-- Collected material --
- - - - - - -

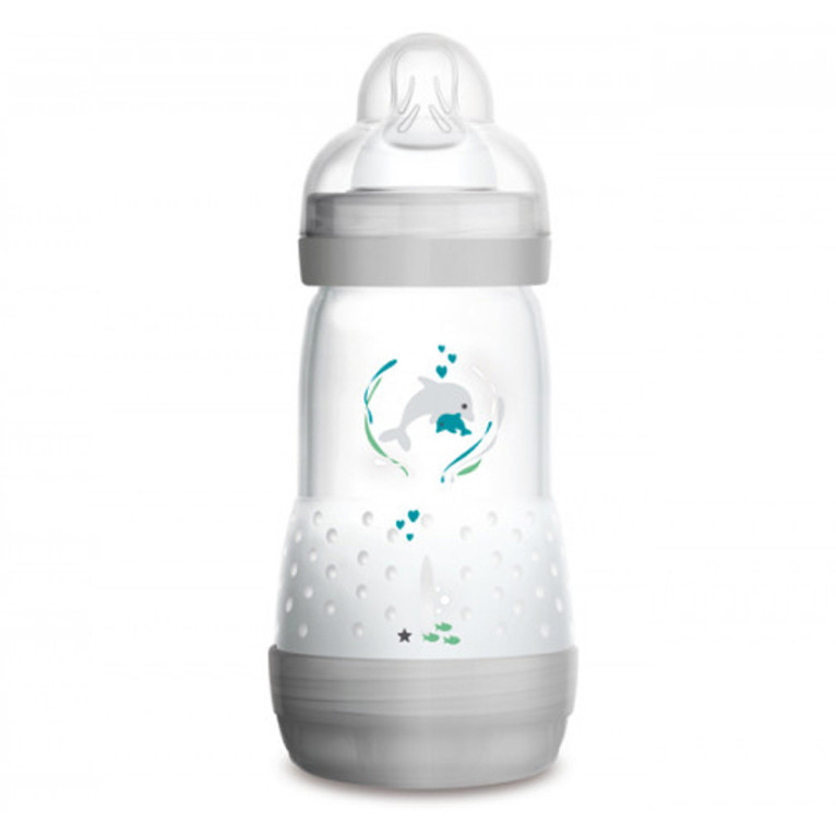 MAM développe depuis 35 ans des produits de puériculture uniques, tant par leur design que par leur fonctionnalité, afin de favoriser le développement des jeunes enfants et répondre aux exigences de leur parents. Chaque produit est conçu en partenariat avec des professionnels du monde médical, pédiatrique et scientifique : médecins, sages-femmes, psychologues du développement, designers et experts en technologie, afin que tous les bébés démarrent la vie du bon pied. Le biberon 1er âge MAM de 260 ml, en plastique incassable, qui offre une bonne prise en main, est ultra-fonctionnel avec ses larges ouvertures qui permettent un dosage facile du lait et un nettoyage efficace. Il peut être chauffé ou stérilisé au micro-onde (fonction auto-stérilisante). Sa tétine est formulée à base de silicone doux comme la soie et extrêmement moelleux, sa forme légèrement aplatie rappelle instinctivement le sein, facilitant ainsi la prise de la tétine par Bébé. Ce biberon possède également une valve brevetée anti-colique qui permet de réguler l’ingestion d’air par bébé. Coliques diminuées dans 80 % des cas.
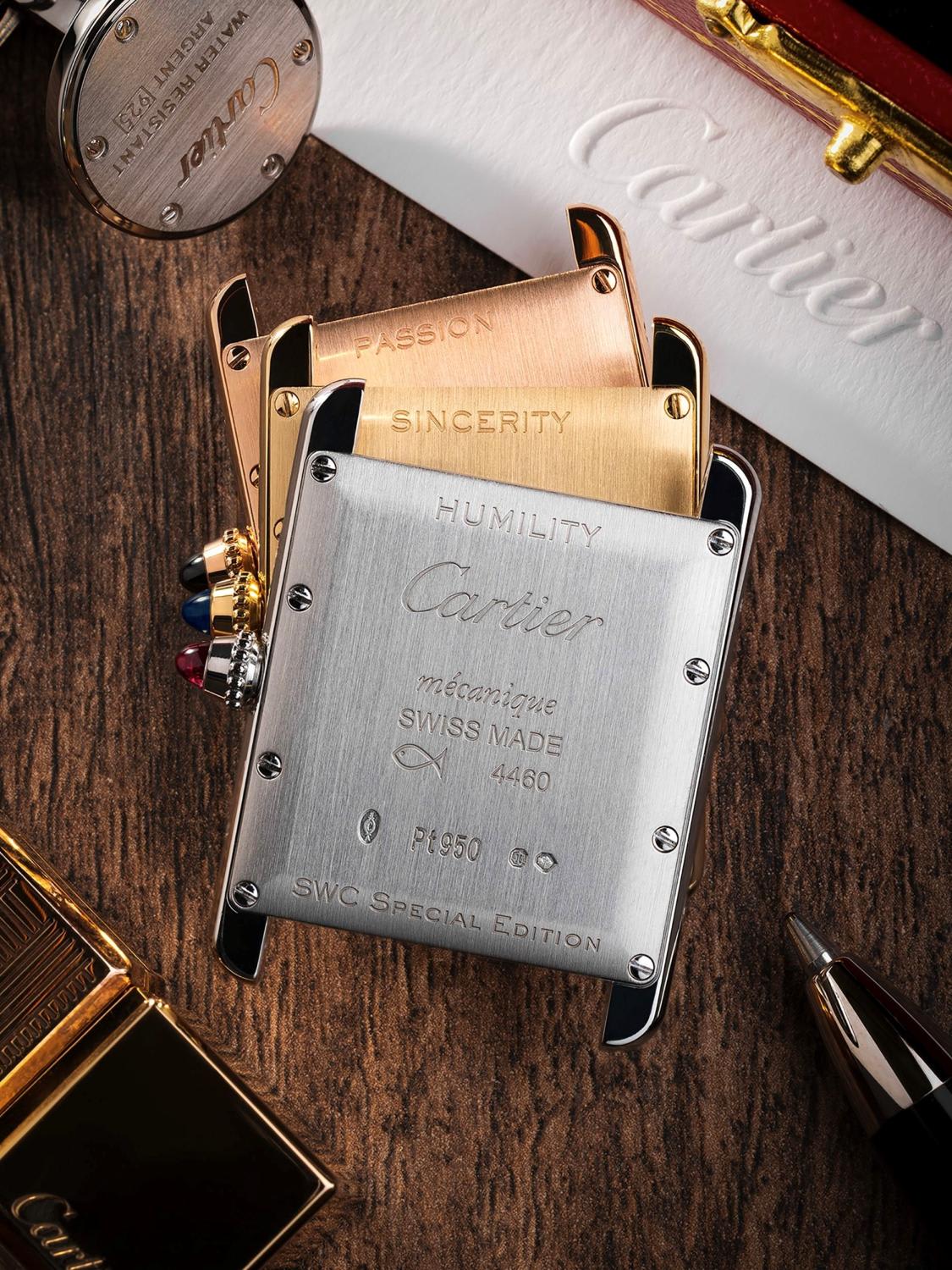 The collection draws inspiration from six iconic Cartier shapes – the Cloche, Tonneau, Santos Dumont, Tank Asymetrique, Tank Cintree and Tank Louis Cartier, each representing six years of SWC.
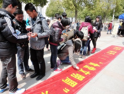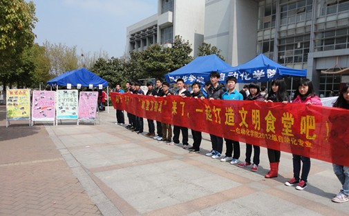 自拍偷拍 本2012级学生支部认真学习党的十八大精神,积极开展“为民,务实”的主题实践活动。针对学校食堂存在的种种不和谐的现象,自拍偷拍 本2012级学生党支部经过精心准备,于3月26日和27日中午在学校南二食堂前广场开展“食堂文明周”倡议活动。
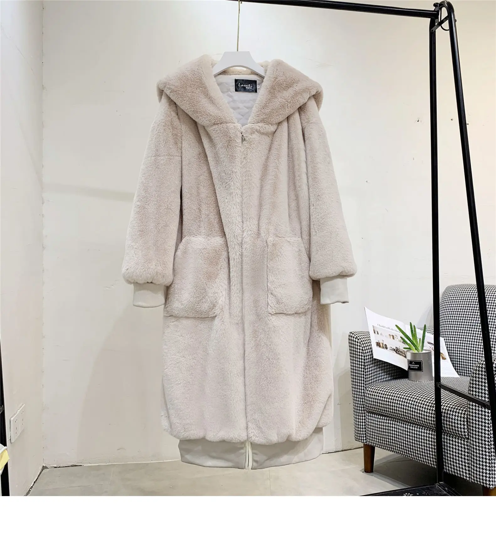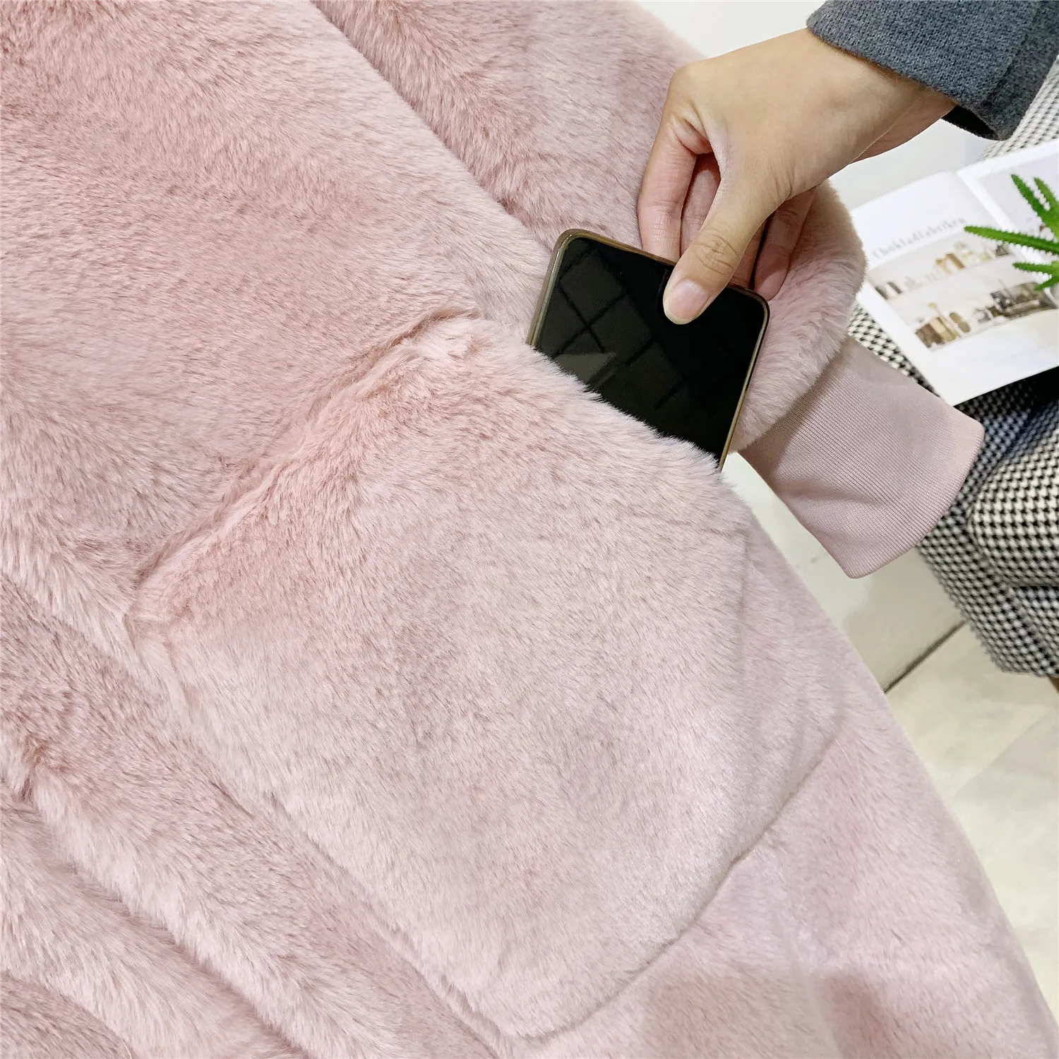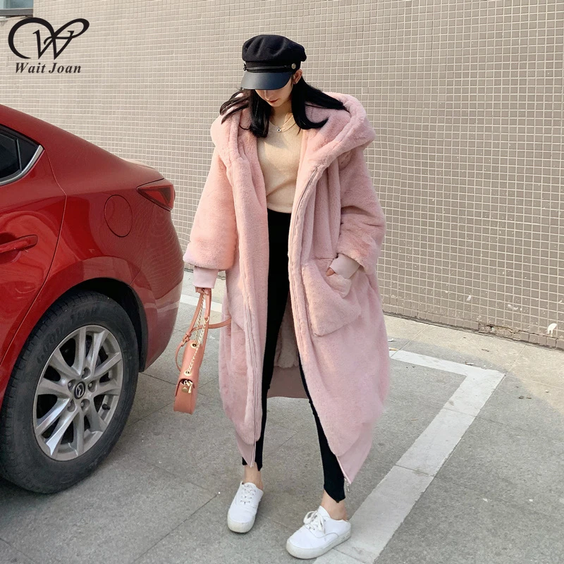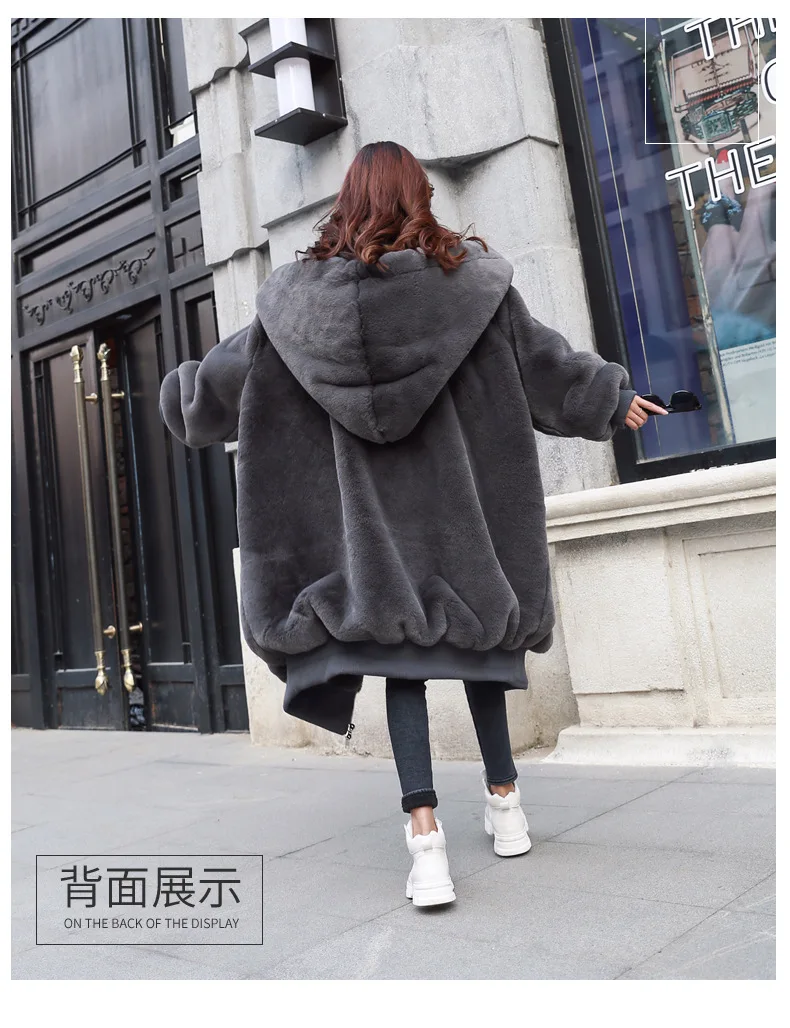 Пальто из искусственного меха для женщин, зимнее пальто оверсайз, плотное теплое плюшевое пальто, женская куртка с большим капюшоном из искусственного меха, женское розовое плюшевое пальто на молнии

- - - - - - -

-- Directions for this task --
Would you return the material exactly, images excluded?

-- Task result --
 MAM développe depuis 35 ans des produits de puériculture uniques, tant par leur design que par leur fonctionnalité, afin de favoriser le développement des jeunes enfants et répondre aux exigences de leur parents. Chaque produit est conçu en partenariat avec des professionnels du monde médical, pédiatrique et scientifique : médecins, sages-femmes, psychologues du développement, designers et experts en technologie, afin que tous les bébés démarrent la vie du bon pied. Le biberon 1er âge MAM de 260 ml, en plastique incassable, qui offre une bonne prise en main, est ultra-fonctionnel avec ses larges ouvertures qui permettent un dosage facile du lait et un nettoyage efficace. Il peut être chauffé ou stérilisé au micro-onde (fonction auto-stérilisante). Sa tétine est formulée à base de silicone doux comme la soie et extrêmement moelleux, sa forme légèrement aplatie rappelle instinctivement le sein, facilitant ainsi la prise de la tétine par Bébé. Ce biberon possède également une valve brevetée anti-colique qui permet de réguler l’ingestion d’air par bébé. Coliques diminuées dans 80 % des cas.
 The collection draws inspiration from six iconic Cartier shapes – the Cloche, Tonneau, Santos Dumont, Tank Asymetrique, Tank Cintree and Tank Louis Cartier, each representing six years of SWC.
 自拍偷拍 本2012级学生支部认真学习党的十八大精神,积极开展“为民,务实”的主题实践活动。针对学校食堂存在的种种不和谐的现象,自拍偷拍 本2012级学生党支部经过精心准备,于3月26日和27日中午在学校南二食堂前广场开展“食堂文明周”倡议活动。
 Пальто из искусственного меха для женщин, зимнее пальто оверсайз, плотное теплое плюшевое пальто, женская куртка с большим капюшоном из искусственного меха, женское розовое плюшевое пальто на молнии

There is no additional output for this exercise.